If the SNZB-02DR2 environment has already been upgraded to versions that include the relevant fixes, but OTA is still failing, firmware is still not pushed, upgrades still stall, or the version still does not change after update, the following checks should be done in order:

1. Confirm the actual platform and component versions

• Zigbee2MQTT should be at least 25.25.0

• ZHA / zigpy should be at least 0.90.0

2. Confirm that the container image or runtime environment has actually been updated

3. Confirm that OTA provider settings, local OTA index data, and firmware metadata are consistent

4. Trigger a new OTA query from the device, for example by power-cycling the device so it sends Query Next Image Request

5. Check signal strength, distance, and 2.4 GHz interference

Conclusion

The OTA fix around SNZB-02DR2 started with failures observed in real deployments.

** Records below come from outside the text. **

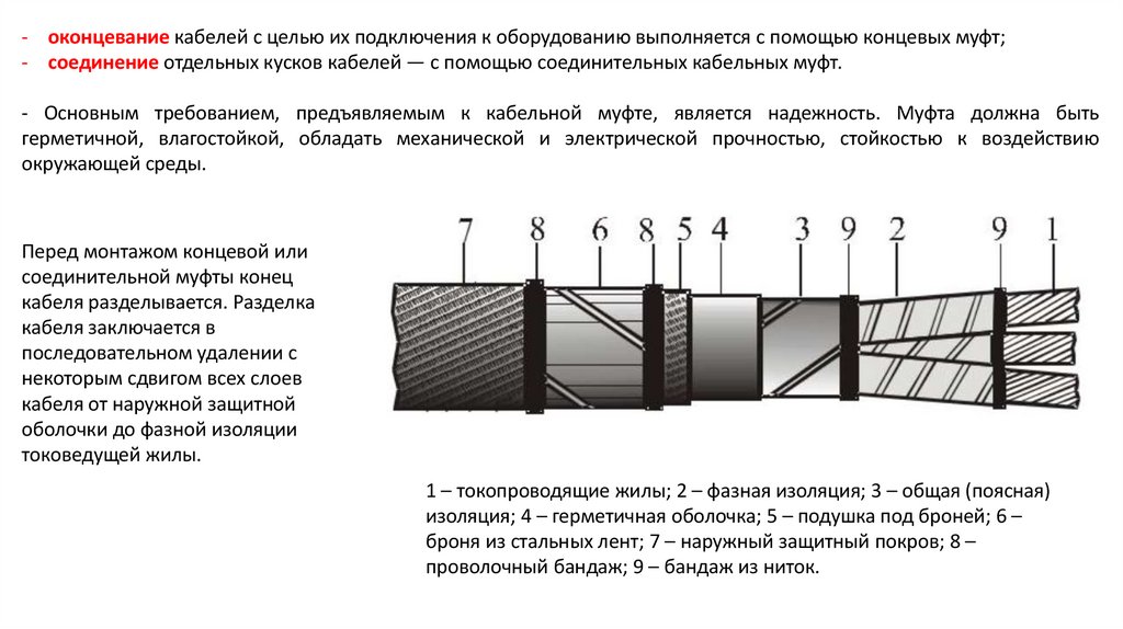 - Основным требованием, предъявляемым к кабельной муфте, является надежность. Муфта должна быть
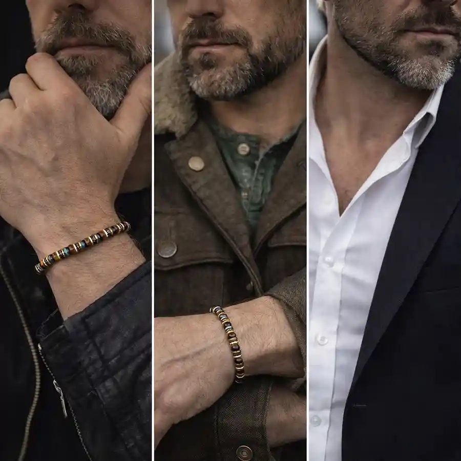 Tämä tyylikäs miesten rannekoru Tiger Eye -kivillä yhdistää maskuliinisen muotoilun ja luonnollisen tyylin. Upeat 7 mm kivet lämpimissä ruskeissa ja kullan sävyissä antavat rannekorulle ylellisen ilmeen, kun taas kiillotetut teräsosat luovat modernin ja pelkistetyn lookin.
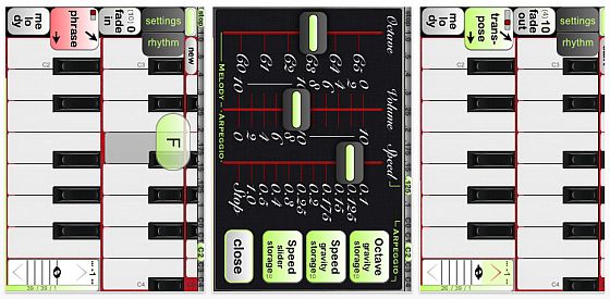 Matt Linzjett‘s Piano nutzt die Lagesensordaten, um Geschwindigkeit und Höhe (Oktave) der Töne während der Wiedergabe zu manipulieren. Die im Studio aufgenommenen Flügelsounds runden das so entstehende Klangerlebnis ab. Über die Arpeggio-Tonfolgen kann dann gleichzeitig eine Melodie gespielt werden.
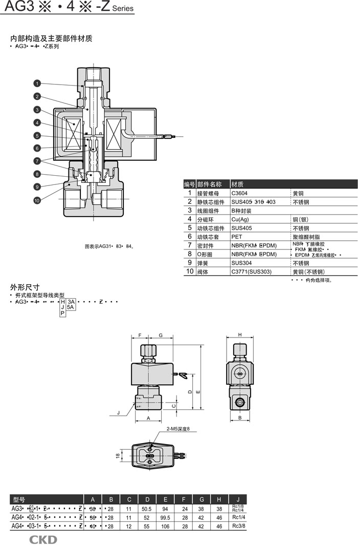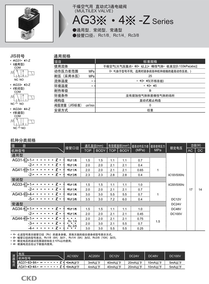 AG31-01-1,AG41-02-1,AG33-01-1,AG43-02-4,AG34-01-1,AG44-02-1,AG31-02-1,AG41-02-2,CKD直動(dòng)式3通電磁閥

The root cause was then narrowed to a compatibility gap between OTA encryption format changes in the Telink SDK and existing parser behavior.

From Zigbee2MQTT #9963 -> #9984 -> 25.25.0, to ZHA / zigpy #1734 -> #1736 -> 0.90.0, and then to later community work on OTA block size, schema, and provider handling, the result is broader and more stable Telink OTA support across Home Assistant.

For device vendors, compatibility support is not only about providing a temporary workaround. It also requires pushing the issue into the upstream ecosystem so the fix becomes part of the platform itself.